The dictionary question aside, the purist approach had two hidden traps, and over the centuries French speakers have fallen into both of them. The first was that the plainness they sought led to extreme dryness. That’s the term that comes to mind when one reads French poetry from between the 1600s and the arrival of the Romantic movement in France in 1830. Before 1600, French poetry had been praised for its refinement and inventiveness. But the influence of Malherbe led creative people to eschew the very things that help a language develop, such as wordplay and neologisms. In other words,
bon usage
had a castrating effect. “
On a appauvri la langue en voulant la purifier
” (“The language was impoverished in our effort to purify it”), wrote French Academy member Henri Fenelon in 1716. His observation came fifty years too late, and it raised very few echoes in the next century. The damage had been done.

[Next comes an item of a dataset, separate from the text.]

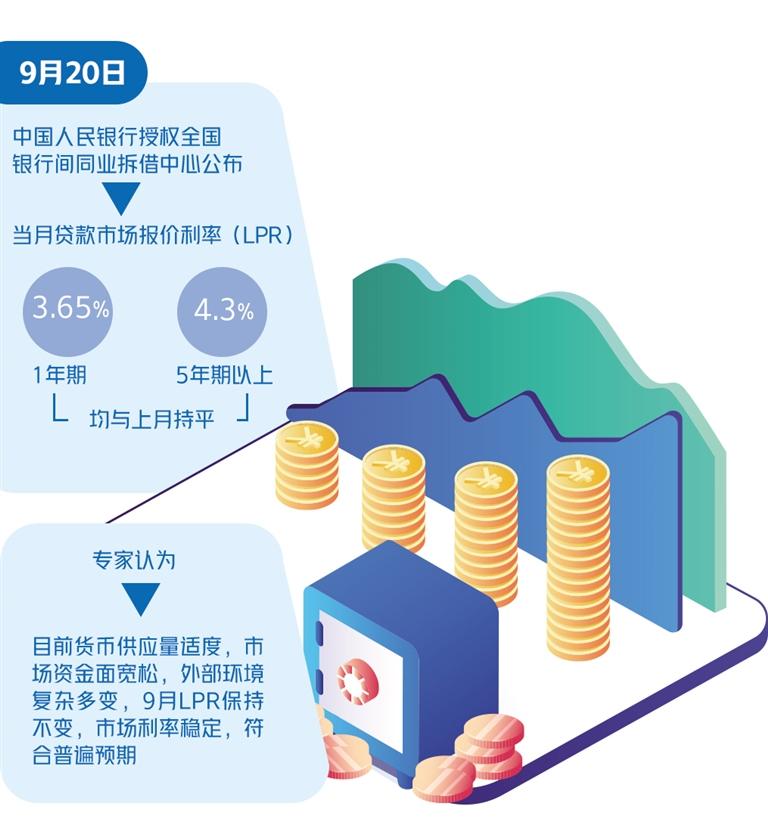 9月20日,中国人民银行授权全国银行间同业拆借中心公布,当月贷款市场报价利率(LPR):1年期LPR为3.65%,5年期以上LPR为4.3%,均与上月持平。专家认为,目前货币供应量适度,市场资金面宽松,外部环境复杂多变,9月LPR保持不变,市场利率稳定,符合普遍预期。

The other trap of purism was to create a gulf between
bon usage
and scientific and technical language. The seeds had already been planted when Furetière was quarrelling with the Academy. He maintained that “an architect speaks as good French when he uses technical terms like plinths and stylobate…as a courtier who speaks of alcoves, stands or lustres.” But his view did not prevail. For the next two centuries the Academy put cultural and court language on a pedestal and relegated scientific language to a sort of linguistic ghetto. The problem that promoters of French had with scientific language came mainly from their opposition to jargon and their anti-Latin stance (the influence of Latin was strong in scientific circles). Language promoters also dismissed legal vocabulary as outdated, as much of it had been created along with the Ordinance of Villers-Cotterêts. French science remained strong throughout that period, but the separation between the idea of
bon usage
and the rest of society meant that the people at the top didn’t pay any attention to what was going on below them. So the Academy inadvertently deprived French elites of a major source of linguistic and cognitive renewal.

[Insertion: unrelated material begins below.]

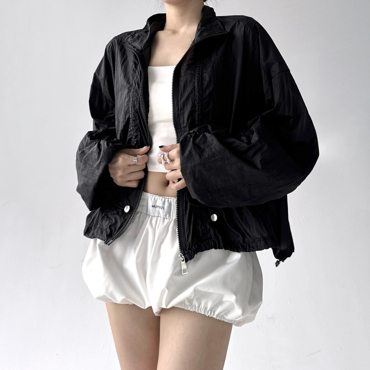 📚 2025夏季新款时尚防晒服薄款立领拉链抽绳亮色防晒衣短外套女上衣

Yet the prescriptive approach of French dictionaries had one positive outcome: What “pure” French lost in lexical richness, it gained in lexical precision. Because it was defined, French in the seventeenth and eighteenth centuries was regarded as easier to learn. People using
Le Richelet
and
Le Furetière
and the
Grammaire raisonnée
of Lancelot and Arnauld could pick up the basics of the language. For that matter, the Academy’s dictionary had much more success outside France than inside, because it allowed people with no access to the French court to get a good idea of the correct usage that was the rule there. Because French was the first European language with a fully developed written system of spelling and grammar, France was also the first country to develop a group of literary stars (later called philosophers or intellectuals), a phenomenon that would help boost the great admiration that Europe developed for the French language.